Cañabota: Restaurante en Sevilla

Diseño del restaurante Cañabota en Sevilla. Cañabota es un nuevo espacio de restauración entre la alta cocina y una moderna pescadería de mercado. Proyecto y diseño: J.T.

Cañabota es un nuevo espacio de restauración entre la alta cocina y una moderna pescadería de mercado. En su interior, conviven funciones y espacios fluidos, de tal modo que la cocina queda totalmente abierta y compartida con el público, donde se propone que los comensales se sienten en silla baja, alrededor del plano de trabajo de los cocineros, permitiendo la cercanía y el contacto directo con la elaboración de los platos. El resultado remite a los espacios domésticos, donde cocinar es una actividad que puede compartirse entre quien cocina y quien se sienta a la mesa, estableciéndose una relación cercana e inmediata entre ambos. Todo gira alrededor de la cocina y las evoluciones de los cocineros, que transcurren alrededor de un bloque de mármol blanco y en cuyo contorno también se disponen los comensales. Para que la actividad de la cocina  pueda seguirse desde todo el local, las mesas de la sala han sido concebidas como palcos desde los cuales los comensales puedan seguir las elaboraciones de los platos. Se trata de mesas altas, de diseño específico, a las que se ha dotado con el taburete del programa "Hambourg" diseño de Corine Maynadier, una sillería de madera especialmente cómoda y giratoria que se inspira en el diseño moderno de los años 50.

Entre la misma sala y la fachada de acceso al local, se encuentra un puesto de pescadería como si de un mercado se tratase. Ofrece los productos frescos con los que se elaboran los sofisticados platos de la carta, y que además pueden ser seleccionados y adquiridos al peso por los clientes.

Materiales, acabados y detalles del diseño tratan de hacer convivir a un espacio comercial  tan aséptico y vacío como una pescadería, con un espacio de restauración como un restaurante de alta cocina. La complejidad del proyecto se centraba por ello en establecer un equilibrio entre estética y función de ambos espacios, en los que no se perdiese la identidad estética de una pescadería, pero a la vez dotándola del confort ambiental necesario de un restaurante.

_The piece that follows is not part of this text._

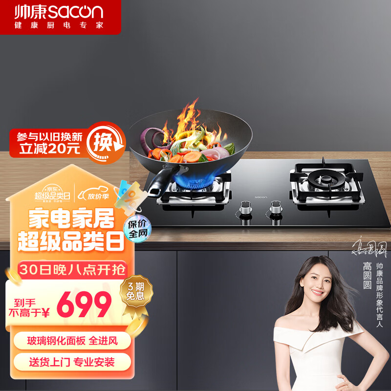 帅康(Sacon)燃气灶 5.0kW大火力猛火灶 煤气灶双灶双眼灶 家用嵌入式台式两用灶具 天然气灶JZT-E5-61B价格:699.00元!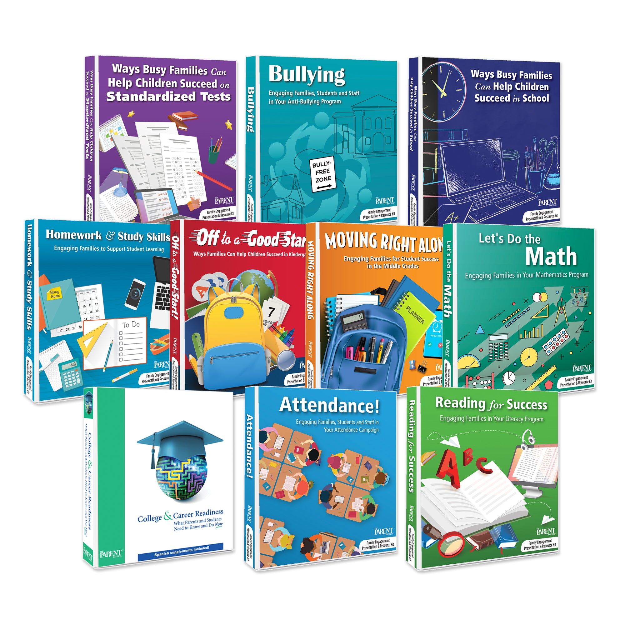 Available in English, and English with Spanish supplements, this bundle of 10 ready-made Resource Kits offers practical, easy-to-understand advice for parents on a variety of high-priority concerns.

El resultado recrea al mismo tiempo la estética industrial de un puesto de mercado, su cercanía y su informalidad, a la vez que proyecta la imagen de un restaurante con aspiraciones de alta cocina. Para conseguirlo, se han se han seleccionado pocos pero determinantes materiales y se han diseñado depurados detalles constructivos con ellos, al mismo tiempo que se ha estudiado una iluminación cálida y puntual. Todo ello trata de equilibrar a un contenedor blanco y austero en el que se ha prescindido de cualquier ornamento superfluo o ajeno al enfoque temático del restaurante.

Dentro del local, todo gira entorno a un gran monolito geométrico de mármol, recuerdo de aquellas superficies tradicionales para el despiece del pescado, que hace las veces de área de trabajo y soporte para la mesa de los comensales. El diseño de esta pieza se basa en el contraste de materiales con formas puras, combinando así el mármol blanco veteado y el acero cepillado, con la calidez de la madera de nogal.

Tanto el acero como el mármol, el revestimiento de azulejo blanco, unido a las las luminarias y el pavimento, son una memoria de la estética y materiales de los mercados tradicionales, transformados y reinterpretados aquí para crear un espacio moderno, con el ambiente cálido de un restaurante dotado de cierta sofistificación, en el que se proponen nuevos modos de relación entre comensales y cocineros en un espacio de restauración.